• Records from a data collection

= Beginning of Section =

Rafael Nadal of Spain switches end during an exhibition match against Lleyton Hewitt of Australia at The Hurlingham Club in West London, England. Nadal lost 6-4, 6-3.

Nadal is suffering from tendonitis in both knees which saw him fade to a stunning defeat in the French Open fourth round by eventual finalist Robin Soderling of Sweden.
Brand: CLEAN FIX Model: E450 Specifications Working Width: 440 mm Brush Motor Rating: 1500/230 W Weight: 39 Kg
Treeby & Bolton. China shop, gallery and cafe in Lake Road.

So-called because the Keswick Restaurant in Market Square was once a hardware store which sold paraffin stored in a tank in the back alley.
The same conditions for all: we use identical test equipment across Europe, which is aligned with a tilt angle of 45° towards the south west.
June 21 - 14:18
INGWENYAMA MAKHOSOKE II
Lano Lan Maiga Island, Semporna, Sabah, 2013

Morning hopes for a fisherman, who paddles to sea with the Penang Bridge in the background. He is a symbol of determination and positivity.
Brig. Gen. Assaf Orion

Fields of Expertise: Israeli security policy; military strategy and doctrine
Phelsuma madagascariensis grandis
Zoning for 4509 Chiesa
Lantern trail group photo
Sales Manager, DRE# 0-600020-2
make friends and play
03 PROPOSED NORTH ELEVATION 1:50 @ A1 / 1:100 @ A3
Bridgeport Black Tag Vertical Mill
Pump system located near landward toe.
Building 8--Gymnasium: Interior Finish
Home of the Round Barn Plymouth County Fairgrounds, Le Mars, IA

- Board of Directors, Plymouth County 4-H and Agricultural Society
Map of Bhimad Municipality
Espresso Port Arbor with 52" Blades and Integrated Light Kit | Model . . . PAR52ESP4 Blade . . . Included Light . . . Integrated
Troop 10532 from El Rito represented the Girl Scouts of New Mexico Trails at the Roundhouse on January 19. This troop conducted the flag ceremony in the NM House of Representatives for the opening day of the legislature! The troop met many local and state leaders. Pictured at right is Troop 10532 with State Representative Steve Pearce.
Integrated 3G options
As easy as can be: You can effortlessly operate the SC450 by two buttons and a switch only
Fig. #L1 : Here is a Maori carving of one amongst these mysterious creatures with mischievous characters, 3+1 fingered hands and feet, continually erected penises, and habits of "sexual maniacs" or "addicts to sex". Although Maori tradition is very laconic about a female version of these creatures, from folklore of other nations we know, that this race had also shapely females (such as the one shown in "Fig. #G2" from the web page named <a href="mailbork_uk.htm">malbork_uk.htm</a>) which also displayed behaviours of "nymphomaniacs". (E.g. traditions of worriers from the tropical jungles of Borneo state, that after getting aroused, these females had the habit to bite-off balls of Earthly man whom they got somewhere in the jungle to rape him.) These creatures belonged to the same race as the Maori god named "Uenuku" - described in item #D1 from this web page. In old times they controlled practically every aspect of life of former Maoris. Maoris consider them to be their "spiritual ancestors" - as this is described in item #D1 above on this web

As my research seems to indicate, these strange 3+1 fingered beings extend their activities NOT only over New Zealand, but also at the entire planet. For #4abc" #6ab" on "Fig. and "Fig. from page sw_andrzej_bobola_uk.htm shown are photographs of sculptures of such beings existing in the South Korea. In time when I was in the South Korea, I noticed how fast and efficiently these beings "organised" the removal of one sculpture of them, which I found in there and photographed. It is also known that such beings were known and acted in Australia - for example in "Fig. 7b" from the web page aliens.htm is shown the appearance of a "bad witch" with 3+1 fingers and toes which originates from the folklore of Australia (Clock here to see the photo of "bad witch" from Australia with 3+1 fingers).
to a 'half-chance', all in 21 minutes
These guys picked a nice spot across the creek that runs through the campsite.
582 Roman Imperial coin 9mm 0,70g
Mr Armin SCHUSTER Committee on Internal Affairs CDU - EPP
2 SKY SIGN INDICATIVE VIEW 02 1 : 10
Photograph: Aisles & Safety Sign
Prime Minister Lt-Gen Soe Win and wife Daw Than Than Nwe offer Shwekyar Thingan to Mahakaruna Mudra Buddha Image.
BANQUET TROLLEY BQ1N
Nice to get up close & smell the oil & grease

= End of Section =

• TASK DETAILS
The answer is the run of lines above from the line containing "Morning hopes for" through the line containing "Map of Bhimad Municipality", copied exactly and alone.

• EXERCISE OUTPUT
Morning hopes for a fisherman, who paddles to sea with the Penang Bridge in the background. He is a symbol of determination and positivity.
Brig. Gen. Assaf Orion

Fields of Expertise: Israeli security policy; military strategy and doctrine
Phelsuma madagascariensis grandis
Zoning for 4509 Chiesa
Lantern trail group photo
Sales Manager, DRE# 0-600020-2
make friends and play
03 PROPOSED NORTH ELEVATION 1:50 @ A1 / 1:100 @ A3
Bridgeport Black Tag Vertical Mill
Pump system located near landward toe.
Building 8--Gymnasium: Interior Finish
Home of the Round Barn Plymouth County Fairgrounds, Le Mars, IA

- Board of Directors, Plymouth County 4-H and Agricultural Society
Map of Bhimad Municipality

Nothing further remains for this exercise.